Reputation: 3754
Let's say I have a list like this:
rows=[['a1','a3','a5','a7'], ['a2','a4','a6','a8']]
And I want to create new list from this, so it would look like this:
['a','1','a','2','a','3'....]
and so on until 'a8' in this order, but I don't want to sort the list in any way.
My point is I want to append the values in such a way that it appends first item from first list in rows, then it appends the first item from the second list, and then goes back to the second item from the first list, and so on.
How can I do that?
Upvotes: 0
Views: 137
Reputation: 78556
You can use zip
, and then join and unwrap the items with a nested for in a list comprehension:
>>> [x for i, j in zip(*rows) for x in i+j]

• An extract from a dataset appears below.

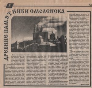 Л. Журавлева. Древние памятники Смоленска. «Всё!», пятница, 28 июля 1995 г. №91(321); стр. 8.

['a', '1', 'a', '2', 'a', '3', 'a', '4', 'a', '5', 'a', '6', 'a', '7', 'a', '8']
You can handle lists with varying number of sublists if you collect all the items from zip
in a tuple and then use str.join
:
>>> [x for i in zip(*rows) for x in ''.join(i)]

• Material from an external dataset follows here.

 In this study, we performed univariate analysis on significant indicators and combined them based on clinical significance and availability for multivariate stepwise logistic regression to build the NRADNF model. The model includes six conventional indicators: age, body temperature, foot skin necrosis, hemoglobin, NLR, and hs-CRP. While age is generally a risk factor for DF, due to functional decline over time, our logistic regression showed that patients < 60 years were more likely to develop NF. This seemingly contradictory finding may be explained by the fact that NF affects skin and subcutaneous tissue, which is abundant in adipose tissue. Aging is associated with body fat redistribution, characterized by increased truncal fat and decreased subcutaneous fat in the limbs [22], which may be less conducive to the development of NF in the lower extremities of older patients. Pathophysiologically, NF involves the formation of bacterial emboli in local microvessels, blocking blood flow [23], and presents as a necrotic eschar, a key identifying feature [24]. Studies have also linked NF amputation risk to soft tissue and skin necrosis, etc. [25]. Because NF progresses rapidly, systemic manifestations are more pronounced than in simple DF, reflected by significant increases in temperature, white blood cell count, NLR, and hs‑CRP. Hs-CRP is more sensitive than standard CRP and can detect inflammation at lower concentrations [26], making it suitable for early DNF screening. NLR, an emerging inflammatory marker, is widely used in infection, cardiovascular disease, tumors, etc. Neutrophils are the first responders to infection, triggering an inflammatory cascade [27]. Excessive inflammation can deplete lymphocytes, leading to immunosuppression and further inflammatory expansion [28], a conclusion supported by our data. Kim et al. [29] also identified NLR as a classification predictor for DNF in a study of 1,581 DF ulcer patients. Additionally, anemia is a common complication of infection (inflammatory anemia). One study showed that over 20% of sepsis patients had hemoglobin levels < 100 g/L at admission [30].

['a', '1', 'a', '2', 'a', '3', 'a', '4', 'a', '5', 'a', '6', 'a', '7', 'a', '8']
Upvotes: 3
Reputation: 77847
Use a list comprehension with a nested iteration:
merged = [rows[i][j] for j in len(rows) for i in len(rows[0]]
From there, I expect that you can re-cast your two-character list into the sequence of characters you want.